Welcome to the podcast! Even though market dominant prices increased on August 29 with the largest percentage increase in years, we are still awaiting a final determination from the DC District Court on whether or not the PRC had the authority under Title 39, section 3622 to allow the USPS to exceed CPI-U as a price cap per class of mail.
As you may recall, the industry filed a stay of implementation earlier this year that was denied. An appeal was filed, and oral arguments were scheduled for September 13. Well, that recently occurred, and I listened to the roughly one hour and fifteen-minute hearing which included arguments from the industry, represented by Ayesha Kahn from Potomac Law Group, USPS lawyers, and the DOJ representing the decision of the PRC.
The basic summary of the hearing was that industry believes the PRC overstepped its authority under Title 39, section 3622 by effectively removing the CPI-U price cap through the introduction of the additional pricing adders, which I discussed in a prior podcast. The USPS, of course, appreciated the additional pricing authority but argued it didn’t go far enough and wanted even more pricing latitude. And the DOJ, in a somewhat surprising move, effectively said they stand by their position that they had the authority per the langue in Title 39 to exceed CPI and didn’t have any prepared remarks but were happy to answer any questions.

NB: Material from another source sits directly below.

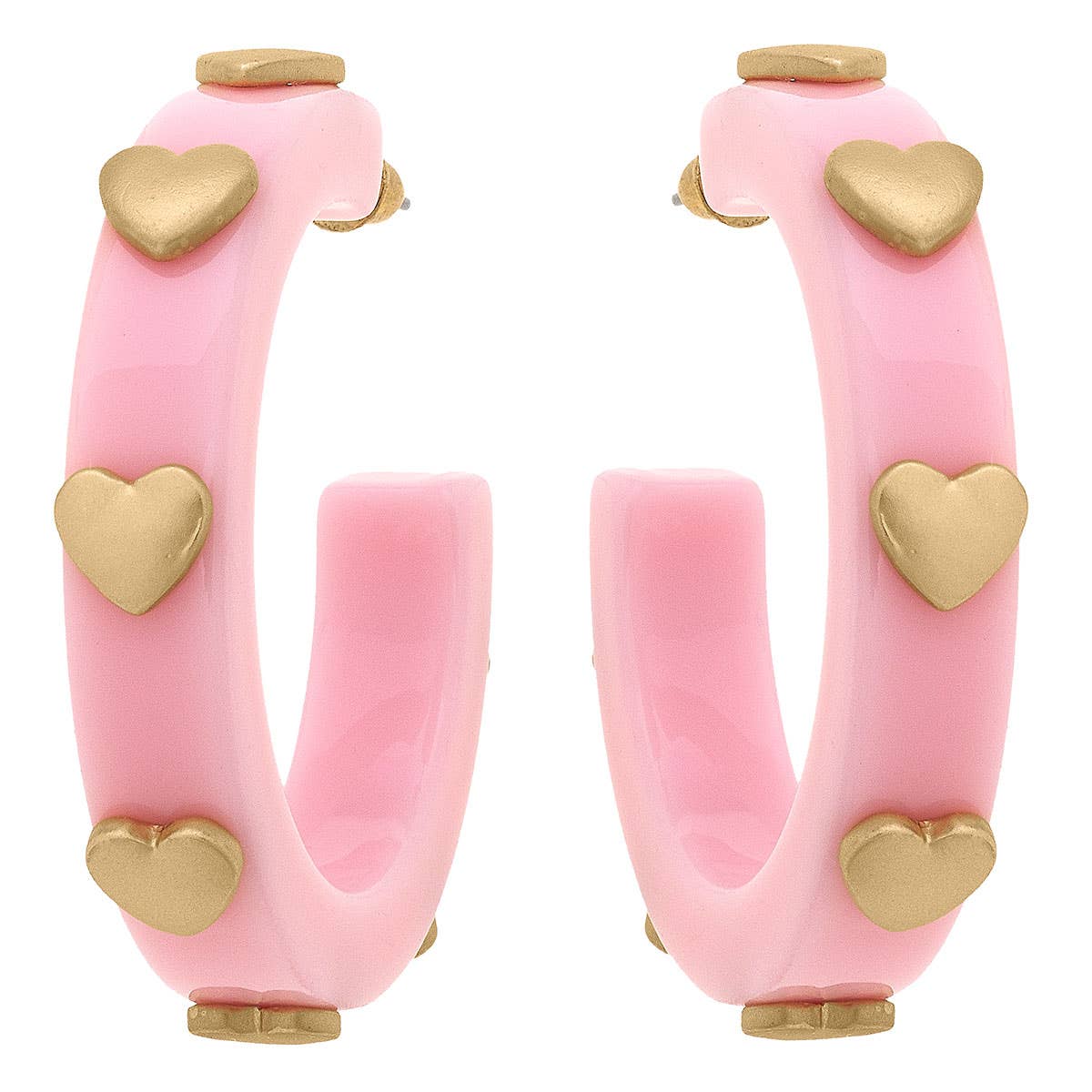 Canvas Style - Libby Heart Resin Hoop Earrings: Light Pink

As I’ve noted before, I’m twelve years short of a law degree so I certainly am grossly underqualified to provide a legal position on this. However, I can say that the entire decision here seems to rest solely on a single sentence as part of Title 39, section 3622 d(3). Here is what this section specifically states.
Ten years after the date of enactment of the Postal Accountability and Enhancement Act and as appropriate thereafter, the Commission shall review the system for regulating rates and classes for market-dominant products established under this section to determine if the system is achieving the objectives in subsection (b), taking into account the factors in subsection (c). If the Commission determines, after notice and opportunity for public comment, that the system is not achieving the objectives in subsection (b), taking into account the factors in subsection (c), the Commission may, by regulation, make such modification or adopt such alternative system for regulating rates and classes for market-dominant products as necessary to achieve the objectives.
It is the second sentence in this paragraph that is the main point in all of this. The question for the DC District Court is simply this: Does the language in this Law allow the PRC to adopt an entirely different methodology including uncapped pricing authority as long as the objectives in section b are achieved? Well, let’s look at section b, which includes nine objectives:
- To maximize incentives to reduce costs and increase efficiency.
- To create predictability and stability in rates.
- To maintain high quality service standards established under section 3691.
- To allow the Postal Service pricing flexibility.
- To assure adequate revenues, including retained earnings, to maintain financial stability.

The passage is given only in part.